Task requirements: Only one span of the material below is wanted. Output it exactly, from the line with "Der Anbau aus" through the line with "В интерьере замиокулькас", without any pictures.

== Records for this exercise

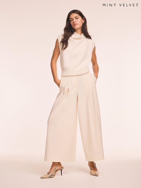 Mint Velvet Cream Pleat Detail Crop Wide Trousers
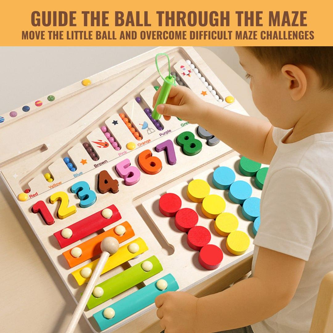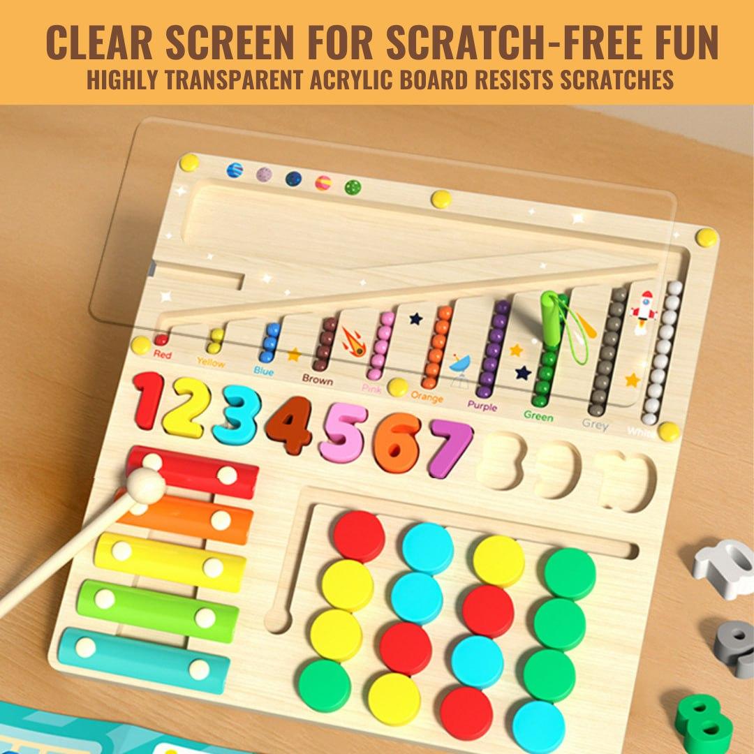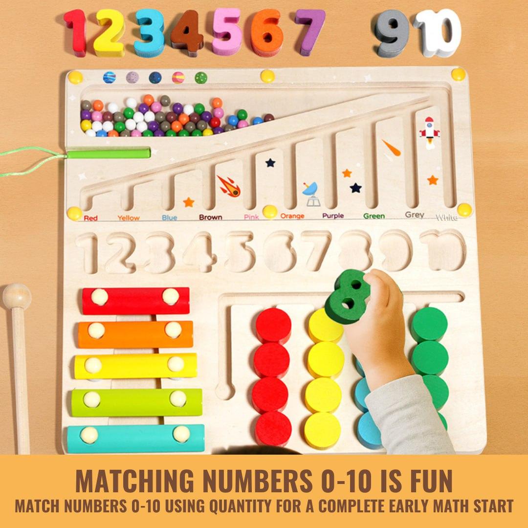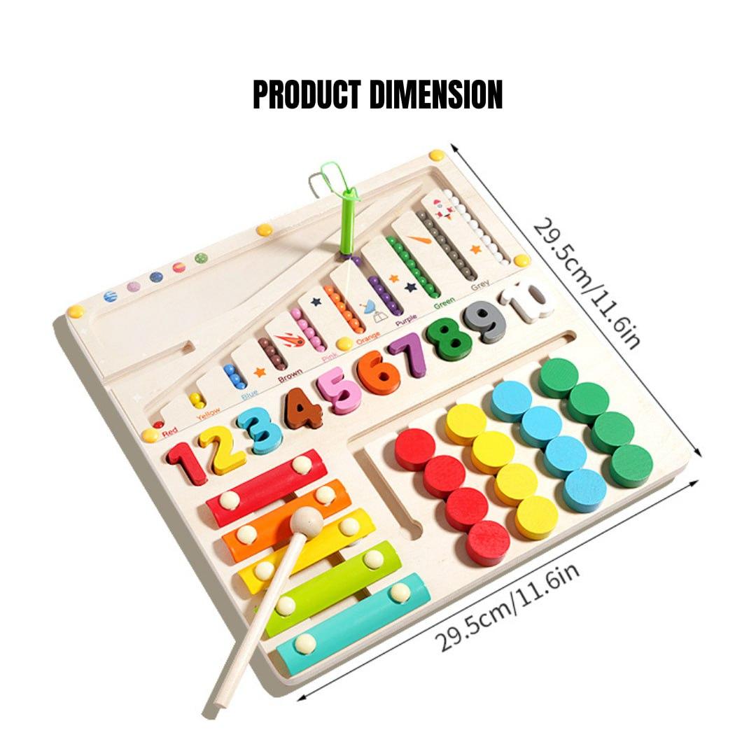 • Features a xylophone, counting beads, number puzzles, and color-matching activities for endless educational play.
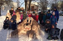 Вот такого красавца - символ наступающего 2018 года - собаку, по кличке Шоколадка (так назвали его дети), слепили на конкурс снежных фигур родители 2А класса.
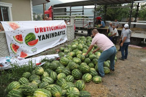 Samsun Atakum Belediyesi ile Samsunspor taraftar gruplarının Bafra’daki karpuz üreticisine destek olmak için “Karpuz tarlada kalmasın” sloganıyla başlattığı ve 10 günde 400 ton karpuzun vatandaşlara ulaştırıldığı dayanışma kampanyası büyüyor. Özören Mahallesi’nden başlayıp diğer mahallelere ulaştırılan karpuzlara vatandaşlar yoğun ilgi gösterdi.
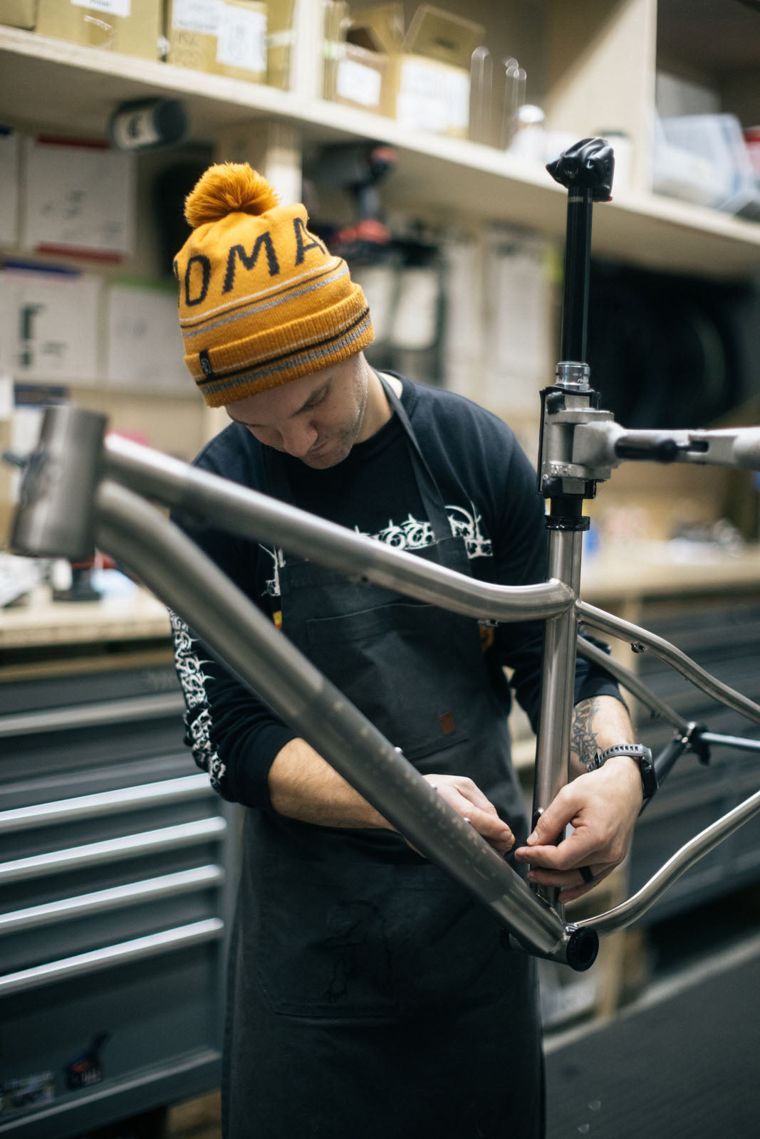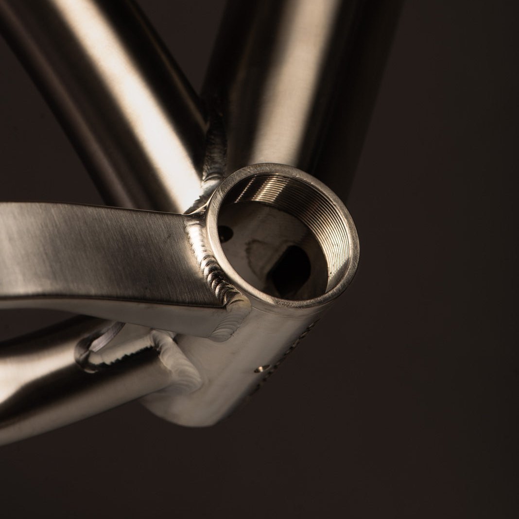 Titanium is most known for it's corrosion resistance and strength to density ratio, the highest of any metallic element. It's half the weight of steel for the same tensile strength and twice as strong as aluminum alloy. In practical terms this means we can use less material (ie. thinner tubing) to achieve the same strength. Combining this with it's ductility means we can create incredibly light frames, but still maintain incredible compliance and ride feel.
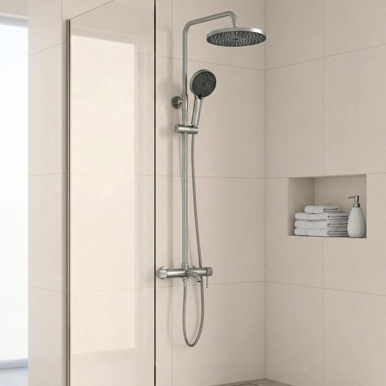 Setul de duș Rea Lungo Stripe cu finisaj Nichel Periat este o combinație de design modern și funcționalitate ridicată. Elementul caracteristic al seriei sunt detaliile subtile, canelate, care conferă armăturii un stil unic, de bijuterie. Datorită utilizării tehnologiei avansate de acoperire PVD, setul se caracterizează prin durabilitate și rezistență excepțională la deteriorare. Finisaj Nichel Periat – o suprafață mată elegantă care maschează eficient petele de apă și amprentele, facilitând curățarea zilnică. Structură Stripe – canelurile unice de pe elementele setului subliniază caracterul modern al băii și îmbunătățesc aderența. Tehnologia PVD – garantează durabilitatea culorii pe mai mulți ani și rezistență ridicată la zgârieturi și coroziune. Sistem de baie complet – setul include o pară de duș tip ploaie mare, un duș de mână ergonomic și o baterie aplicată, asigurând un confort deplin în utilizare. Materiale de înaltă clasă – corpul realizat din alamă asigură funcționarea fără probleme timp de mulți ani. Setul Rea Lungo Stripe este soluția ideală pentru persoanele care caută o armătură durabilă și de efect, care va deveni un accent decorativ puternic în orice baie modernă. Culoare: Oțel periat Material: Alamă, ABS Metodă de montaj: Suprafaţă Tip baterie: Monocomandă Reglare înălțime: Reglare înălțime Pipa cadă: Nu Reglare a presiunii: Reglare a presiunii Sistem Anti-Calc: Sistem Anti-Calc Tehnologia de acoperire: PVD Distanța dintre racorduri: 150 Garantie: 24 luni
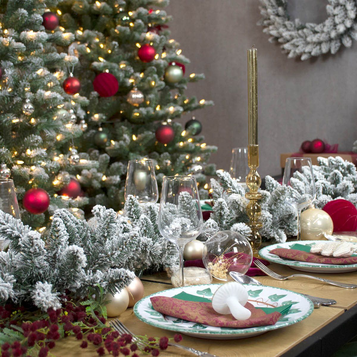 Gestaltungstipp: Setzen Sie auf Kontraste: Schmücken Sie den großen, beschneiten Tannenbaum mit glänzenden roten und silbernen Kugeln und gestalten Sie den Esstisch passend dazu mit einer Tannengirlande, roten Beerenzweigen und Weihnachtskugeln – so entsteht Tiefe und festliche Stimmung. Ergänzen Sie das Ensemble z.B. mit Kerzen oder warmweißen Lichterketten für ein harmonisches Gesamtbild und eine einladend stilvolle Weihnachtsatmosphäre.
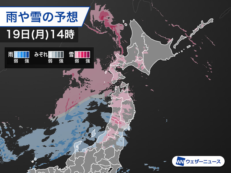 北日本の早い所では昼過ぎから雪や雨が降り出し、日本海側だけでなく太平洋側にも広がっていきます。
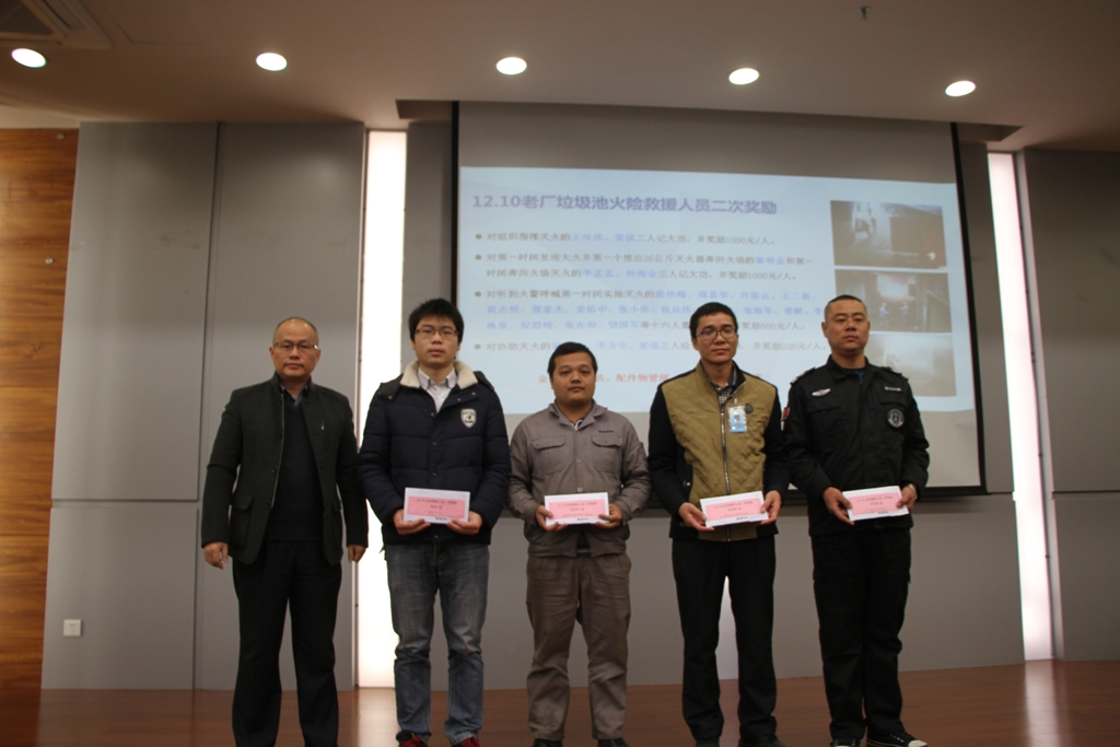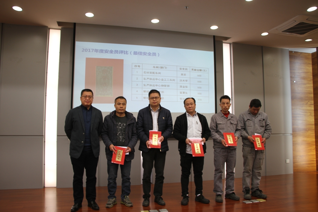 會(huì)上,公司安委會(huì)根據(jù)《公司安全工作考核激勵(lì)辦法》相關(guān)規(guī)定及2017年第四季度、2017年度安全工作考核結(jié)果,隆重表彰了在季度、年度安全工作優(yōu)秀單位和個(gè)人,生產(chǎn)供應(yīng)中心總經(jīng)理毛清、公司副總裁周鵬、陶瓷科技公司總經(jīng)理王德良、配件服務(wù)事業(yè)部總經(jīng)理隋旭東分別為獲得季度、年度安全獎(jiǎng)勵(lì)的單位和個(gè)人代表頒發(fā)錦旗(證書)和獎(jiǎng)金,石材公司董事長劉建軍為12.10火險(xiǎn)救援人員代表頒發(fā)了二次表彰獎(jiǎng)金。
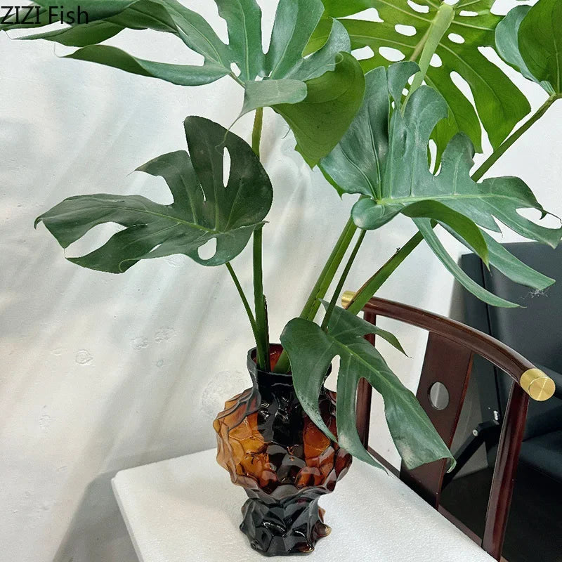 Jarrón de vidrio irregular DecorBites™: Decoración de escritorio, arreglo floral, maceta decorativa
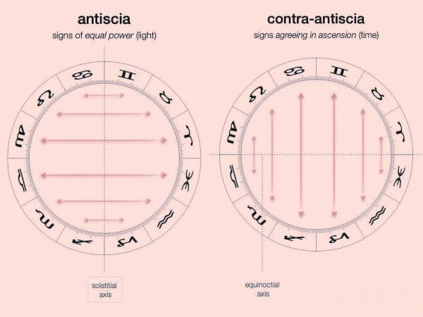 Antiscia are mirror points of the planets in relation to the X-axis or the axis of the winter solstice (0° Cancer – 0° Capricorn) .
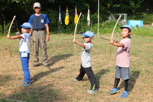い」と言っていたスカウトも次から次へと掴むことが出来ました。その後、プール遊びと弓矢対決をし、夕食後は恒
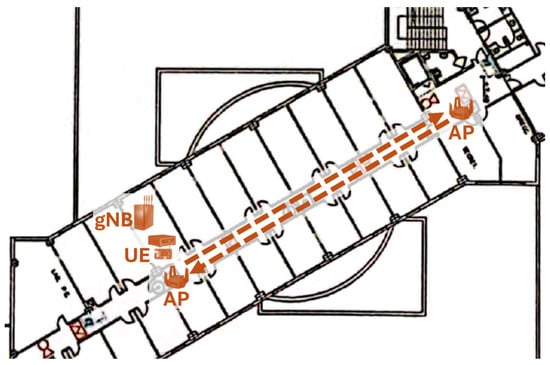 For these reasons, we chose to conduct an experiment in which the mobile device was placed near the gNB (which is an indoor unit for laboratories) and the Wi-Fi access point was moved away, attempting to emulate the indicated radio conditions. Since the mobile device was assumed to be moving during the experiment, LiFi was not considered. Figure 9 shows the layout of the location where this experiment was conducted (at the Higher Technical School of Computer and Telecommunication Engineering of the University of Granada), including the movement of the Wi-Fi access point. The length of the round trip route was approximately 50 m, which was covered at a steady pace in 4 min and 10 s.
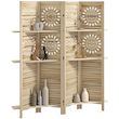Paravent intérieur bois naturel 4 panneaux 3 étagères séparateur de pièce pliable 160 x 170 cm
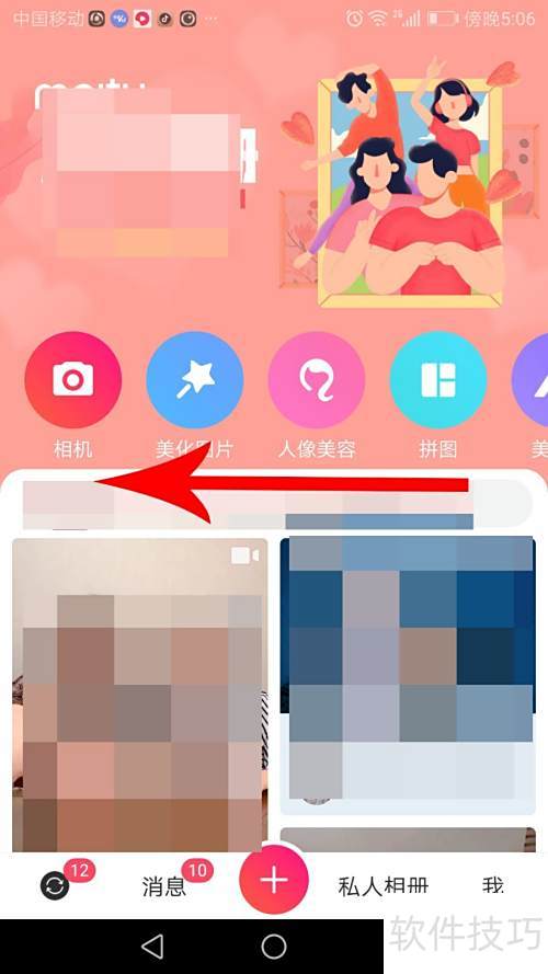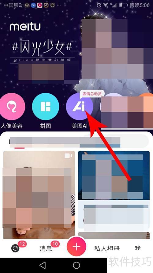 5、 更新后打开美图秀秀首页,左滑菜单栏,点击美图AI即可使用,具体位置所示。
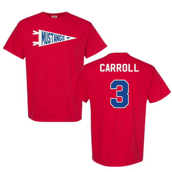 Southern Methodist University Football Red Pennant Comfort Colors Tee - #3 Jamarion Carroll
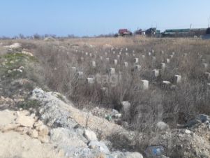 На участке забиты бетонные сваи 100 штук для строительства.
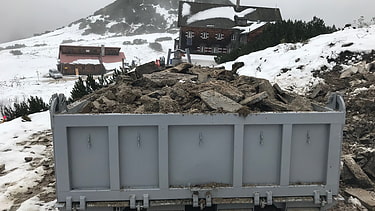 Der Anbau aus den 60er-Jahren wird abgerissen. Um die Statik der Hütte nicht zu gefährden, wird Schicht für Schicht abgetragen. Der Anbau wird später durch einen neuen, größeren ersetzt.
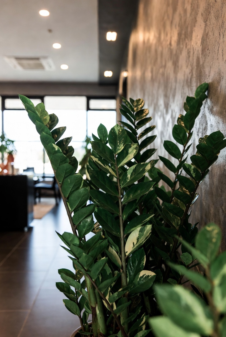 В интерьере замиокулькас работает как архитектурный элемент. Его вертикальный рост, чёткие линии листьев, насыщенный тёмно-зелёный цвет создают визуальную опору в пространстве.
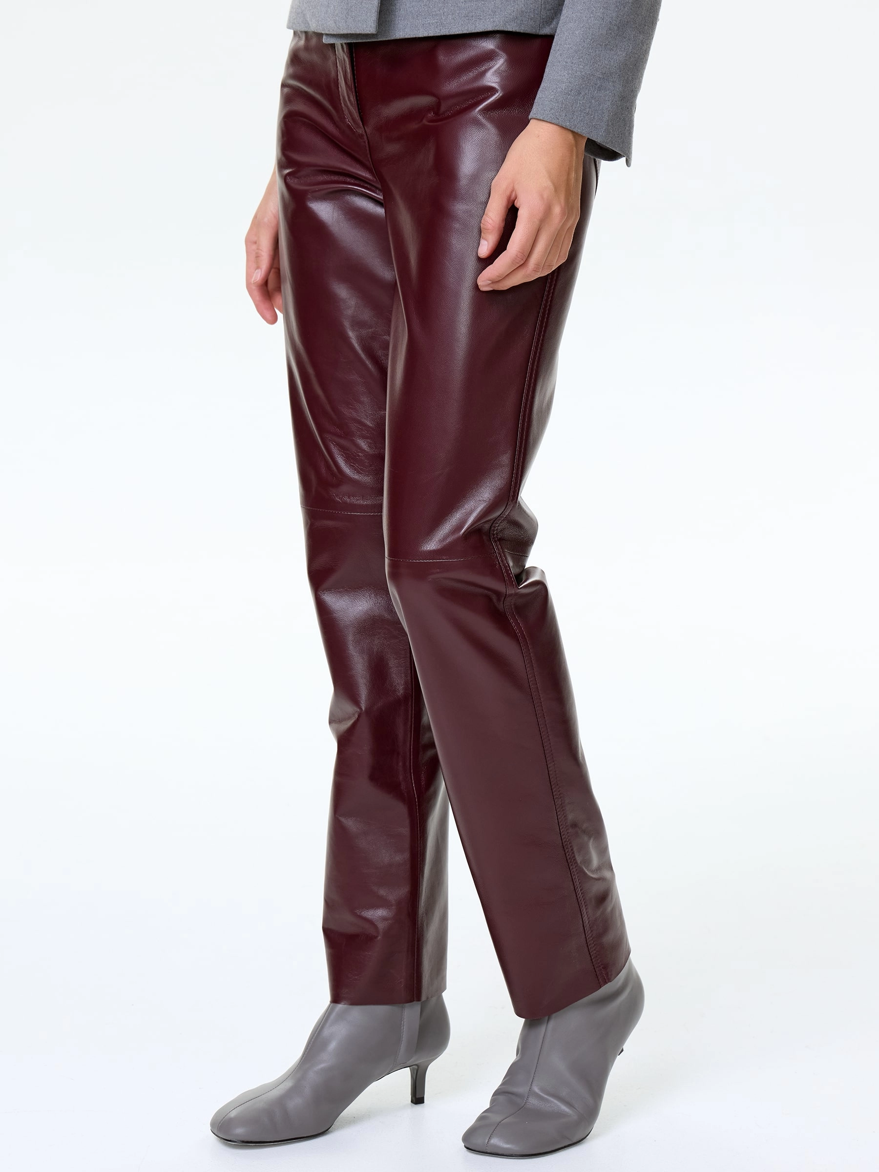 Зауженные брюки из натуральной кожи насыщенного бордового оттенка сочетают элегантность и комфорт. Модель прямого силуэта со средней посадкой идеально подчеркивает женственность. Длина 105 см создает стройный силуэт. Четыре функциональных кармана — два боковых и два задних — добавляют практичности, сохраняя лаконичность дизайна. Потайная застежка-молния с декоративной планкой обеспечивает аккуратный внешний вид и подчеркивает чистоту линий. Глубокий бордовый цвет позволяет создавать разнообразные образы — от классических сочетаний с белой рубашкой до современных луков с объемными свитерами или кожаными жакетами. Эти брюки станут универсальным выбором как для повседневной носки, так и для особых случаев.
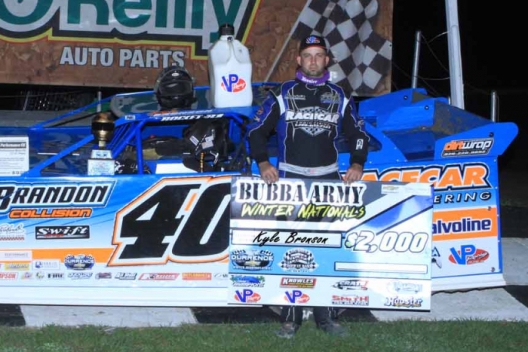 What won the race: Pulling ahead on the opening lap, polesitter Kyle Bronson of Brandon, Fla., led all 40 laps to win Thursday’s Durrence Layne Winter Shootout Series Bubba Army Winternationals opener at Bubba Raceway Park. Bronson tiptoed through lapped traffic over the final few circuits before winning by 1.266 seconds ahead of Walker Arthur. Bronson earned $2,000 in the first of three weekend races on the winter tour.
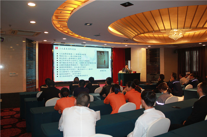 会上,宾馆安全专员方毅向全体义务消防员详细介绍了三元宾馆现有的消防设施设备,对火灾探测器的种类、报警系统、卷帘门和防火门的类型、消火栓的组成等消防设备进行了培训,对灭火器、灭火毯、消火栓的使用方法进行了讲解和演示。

====

The completed task:
 Der Anbau aus den 60er-Jahren wird abgerissen. Um die Statik der Hütte nicht zu gefährden, wird Schicht für Schicht abgetragen. Der Anbau wird später durch einen neuen, größeren ersetzt.
 В интерьере замиокулькас работает как архитектурный элемент. Его вертикальный рост, чёткие линии листьев, насыщенный тёмно-зелёный цвет создают визуальную опору в пространстве.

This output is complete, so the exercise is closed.